Outra questão importante: há algumas décadas, o desmatamento era feito a machado, depois com motosserra. Hoje é feito com alta tecnologia, com máquinas que destroem imensas áreas num só dia, além do uso do fogo. E o mais grave: com total apoio dos governos. Portanto é muito sério o que estamos permitindo que seja feito com nossas florestas nos dias atuais. Sem contar que está havendo genocídio, com a destruição de várias nações indígenas que ocupam na Amazônia.

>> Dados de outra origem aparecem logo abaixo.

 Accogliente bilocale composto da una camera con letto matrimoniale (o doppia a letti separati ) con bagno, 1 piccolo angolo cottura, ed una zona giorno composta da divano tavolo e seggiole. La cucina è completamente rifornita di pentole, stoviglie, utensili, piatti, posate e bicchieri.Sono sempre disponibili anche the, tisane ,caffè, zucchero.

Mas voltando ao assunto central, sobre a povoação de Marte. Esse panorama nos causa uma preocupação: será que daqui a alguns anos vão fazer o mesmo com Marte? Criar um sistema parecido com o da Terra, para em seguida retrocederem e começarem a destruí-lo? Há uma esperança, pelo menos, de que isso não ocorra: os habitantes de Marte serão altamente tecnológicos e chegarão lá sabendo de tudo que precisam para manter a vida. Mas terão de ter muito cuidado para não levar infiltrados na população, os negacionistas da ciência, os “terraplanistas” e os gananciosos que estão destruindo tudo por aqui. Mas o que precisa ser dito mesmo é que a Terra é de todos nós e precisamos cuidar dela. Qualquer que seja o governo, devemos exigir que cuide do meio ambiente, porque isso não é questão ideológica, de coisa da direita ou da esquerda comunista, mas uma condição de subsistência da espécie humana. Ou seja, de nós mesmos. E das demais espécies também, claro. Elas também importam.

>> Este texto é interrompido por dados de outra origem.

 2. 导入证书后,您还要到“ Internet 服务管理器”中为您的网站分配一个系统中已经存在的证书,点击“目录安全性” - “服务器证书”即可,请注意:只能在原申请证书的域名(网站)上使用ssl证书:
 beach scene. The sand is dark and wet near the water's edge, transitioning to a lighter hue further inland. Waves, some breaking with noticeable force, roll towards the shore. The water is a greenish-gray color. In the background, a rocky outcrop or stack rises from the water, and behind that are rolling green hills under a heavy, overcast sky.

Mas pelo que temos visto, parece que o retrocesso é uma espécie de charme do momento por aqui. Seria um estigma da espécie humana? Evoluir até certo ponto, depois retroceder, voltar à idade da pedra? Até o astronauta brasileiro, o Ministro da Ciência e Tecnologia, tem ajudado na extinção da pesquisa no Brasil, ao aceitar que sejam retirados recursos da sua pasta. E tem participado de motociatas presidenciais sem máscara, ajudado nas aglomerações presidenciais… Só falta ele começar a dizer que a Terra é plana!

Dr. José Borges

Advogado (Formado em Direito pela Faculdade de Direito de Franca); especialista em Direito Civil e Direito Processual Civil e em Direito Ambiental. Foi Procurador do Estado de São Paulo de 1989 a 2016 e Secretário de Negócios Jurídicos do Município de Franca. É membro da Academia Francana de Letras.